AS per the existing situation in the industrial sector, there seems no policy to ensure the future of the workers. For the Industries, exit may cause for different reasons. The product may loss market, the company may change the business and for many other reasons stemmed out in this competitive free market economy. But Law in practice provides only one months salary for every year of service to leave a worker out of job. The above legal provision, which is also not always abided by the employers, can ensure the minimum subsistence of a worker who loses his or her job especially at the age when it is difficult to acquire skill and knowledge for different job. This “Companies profit (workers' participation) Act” can help the workers in absence of any exit policy for the industries run by the private sector if implemented. But unfortunately there is no such authority to compel the companies to implement this law.

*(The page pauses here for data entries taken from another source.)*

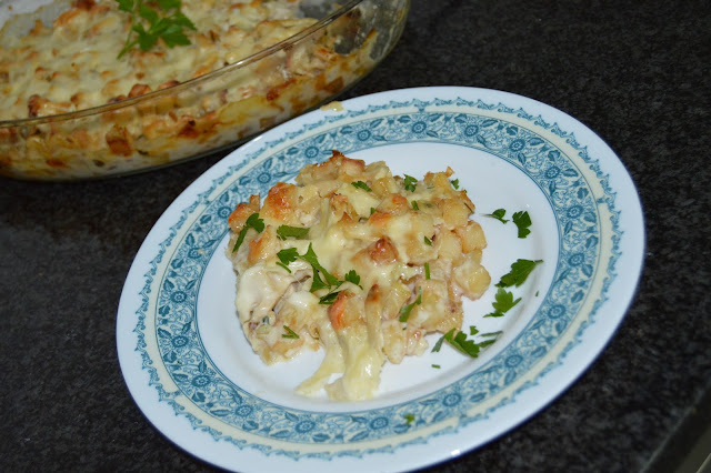 Esta receita é mais um aproveitamento de sobras de outras refeições que para além de económicas ficam uma verdadeira maravilha. Tinha-me sobrado uns pedaços de frango assado que tinha comprado e decidi fazer esta maravilha que é uma adaptação do famoso bacalhau com natas .
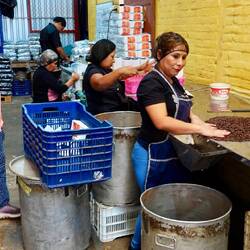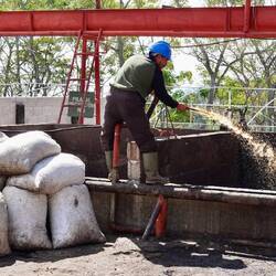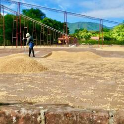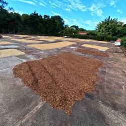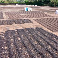 Auf großen Flächen liegen hier die unterschiedlichen Kaffeebohnen zumWeiterlesen
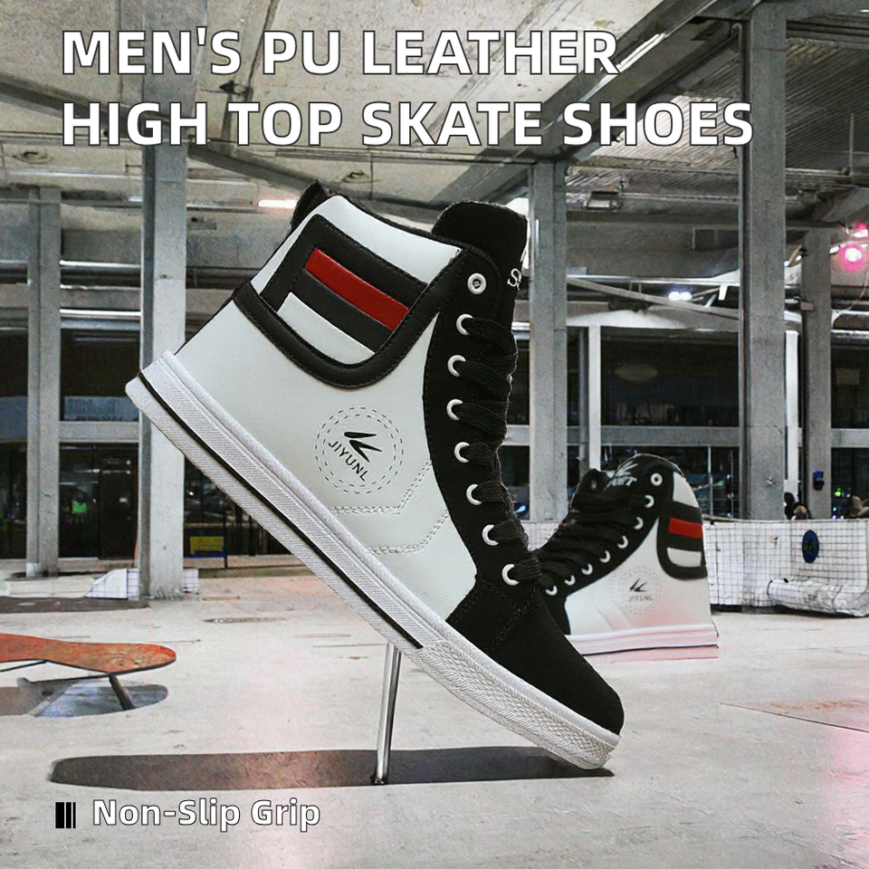 รองเท้าผ้าใบสเก็ตบอร์ดหนัง PU สำหรับผู้ชายรองเท้ากีฬาแบบลำลองมีเชือกผูกเพิ่มความสูงกันลื่นขนาด39-48สำหรับฤดูร้อน
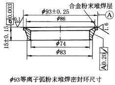在普通碳钢环体上工作面上,采用等离子弧粉末喷焊一层铁基或镍基合金涂层,所用合金粉末仅为整体型合金密封环的15%~20%,喷焊层硬度为61~65HRC |
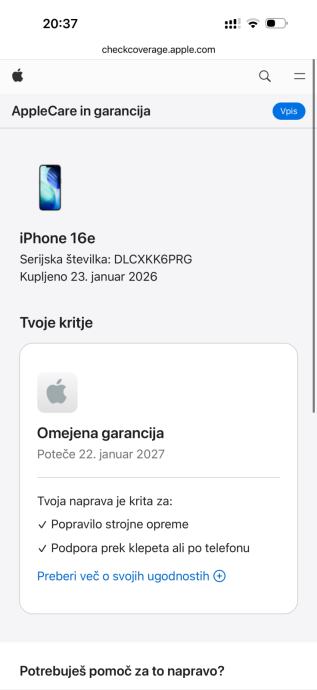 Prodajem novi, samo aktiviran 22.1.2026 iPhone 16e 128Gb White

Effective reformation of labour law can help
The concerned quarters who found the difficulties in implementation of labour laws and its complex nature and that is why demanded a reformation in no way will be satisfied with the mere compilations of laws in a one volume. It needs the removal of the lacunae those keeping the laws as ineffective and thus termed as obsolete.

There are laws both for the workers and employers. Only the strict provisions for the surety of their implementations can make the reformation of labour laws befitting for a real and good production relation and a healthy economy for the country.

The author is an advocate and working with Karmojibi Nari, an initiative of working women.